Ich bin Eduard Freiherr von Holperdingen und kein gewöhnliches Gespenst sondern ein halber Poltergeist Ich kann nicht nur alles, was Gespenster, sondern auch das, was Poltergeister können. Gespenster sind durchsichtig. Poltergeister sind immer unsichtbar. Und ich kann mich je nach Belieben sichtbar oder unsichtbar machen. Auch ich bin im Alter von zehn Jahren zum halben Gespenst und halben Poltergeist geworden. Amalia und ich gehen in die gleiche Klasse, denn auch ich möchte ein Schlossgespenst werden – allerdings ein Schlossgespenstpoltergeist!
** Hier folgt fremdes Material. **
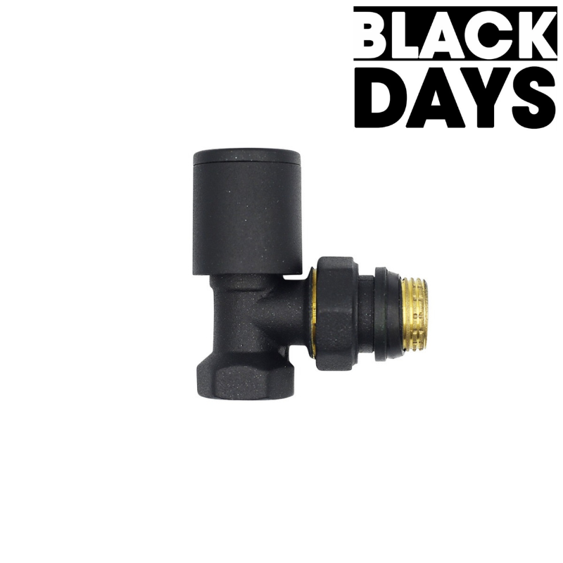 Robinet pour radiateur et sèche-serviette de coloris noir mat.
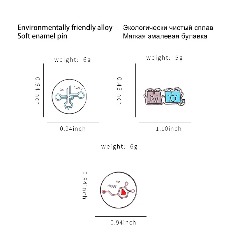 Chemical Element Gene Brooch Omg Metal Badge Be Hppy Be Lucky Badge Clothing Accessories Corsage Waist Pin

Zu Lebzeiten war ich Ritter Ethelbert, Ritter der Tafelrunde des Königs Artus. Seit vielen hundert Jahren bin ich nun aber Gespenst und Lehrer an der Königlichen Schule für angehende Schlossgespenster. Dort unterrichte ich das Fach Gespenstisch Gespenstern. Einige Leute behaupten von mir, ich sei oberflächlich, eitel und angeberisch. Ph – der blanke Neid! Es kann sich halt nicht jeder rühmen, ein Ritter der Tafelrunde gewesen zu sein…
Ich bin Emily Esperanza und bin ein Piratengespenst Ich war neun Jahre alt, als das Piratenschiff meines Vaters in einem gewaltigen Sturm vor der Küste Südamerikas versank. Seitdem bin ich ein Gespenst Ich liebe die See und das Piratenleben. Zwar besuche ich die Königliche Schule für angehende Schlossgespenster, aber ich weiß noch nicht, ob ich danach wirklich ein Schlossgespenst werden will. Vielleicht fahre ich doch lieber wieder zur See und kapere Schiffe…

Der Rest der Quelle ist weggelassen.